Francois de Massot is a political activist, writer, and journalist. He is the son of the Surrealist writer Pierre de Massot and an associate of Francis Picabia and André Breton. Massot is of French-Scottish extraction and fluent in English. He has worked as a translator, including in the film industry.

Career
Massot joined the Trotskyist movement in France as a young man just after the end of the Second World War. Like other young Trotskyists he was a work-volunteer in Tito's Yugoslavia. He supported the Marcel Bleibtreu-Pierre Lambert wing of the  (PCI) after they split with Pierre Frank and Michel Pablo in 1953 and remained a close associate of Pierre Lambert. De Massot gave an oration at Lambert's funeral.

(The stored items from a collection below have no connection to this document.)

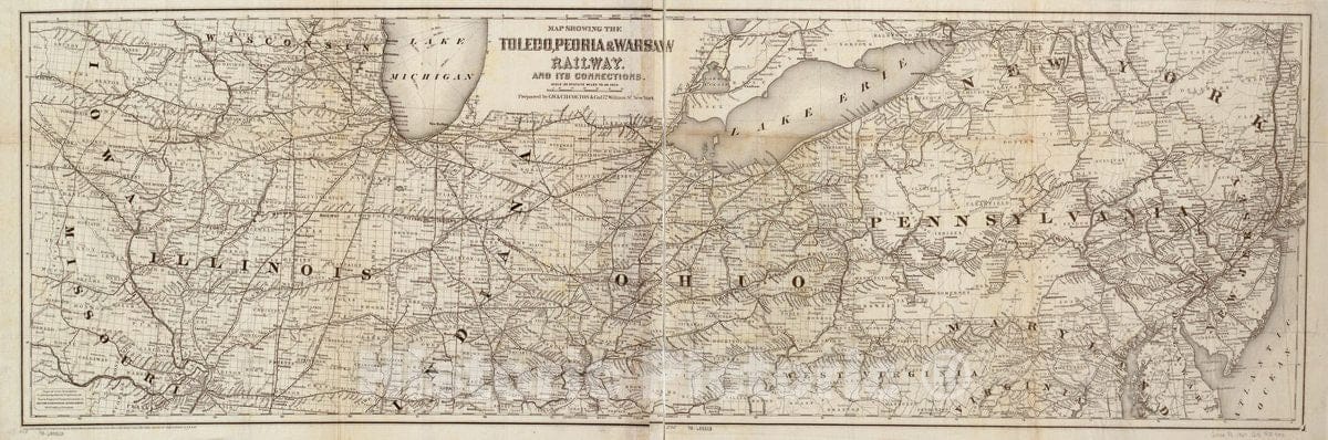 Historic 1867 Map - Map Showing The Toledo, Peoria, Warsaw Railway and its Connections, 1867.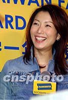 香港女演員鄭秀文29日在香港繽紛荷里活餐廳領取2001年港臺最受歡迎女演員獎項,喜上眉梢。中新社圖 洪少葵 攝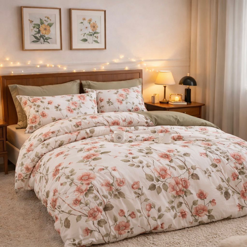 Bawełniana dwustronna pościel w kwiaty 200x220

For most of his life he has been a political activist with the PCI-OCI () and its successors. He was, from an early time, responsible for the link between the Lambert group in France and the Healy Group in Britain (later to become the Socialist Labour League), as well as with the American Socialist Workers Party, the main components of the International Committee of the Fourth International (ICFI) from 1953 to 1963. In this capacity he regularly attended conferences of the Socialist Labour League and meetings of the ICFI.

He is the author of a book on the May–June events in France; was a journalist on Informations Ouvrieres, the OCI-PCI newspaper; has been an editor of La Verite, the OCI theoretical journal, and was in charge of the international work of the Organising Committee for the Reconstruction of the Fourth International and its successors. He has been chairman of the CERMTRI archive of Trotskyism in Paris.

Publications
 Quelques Enseignements de Notre Histoire, Francois de Massot, SELIO, Paris
 La Grève générale (mai-juin 1968), suppl. au n° 437 d’Informations ouvrières, Paris

References

Living people
French Trotskyists
Year of birth missing (living people)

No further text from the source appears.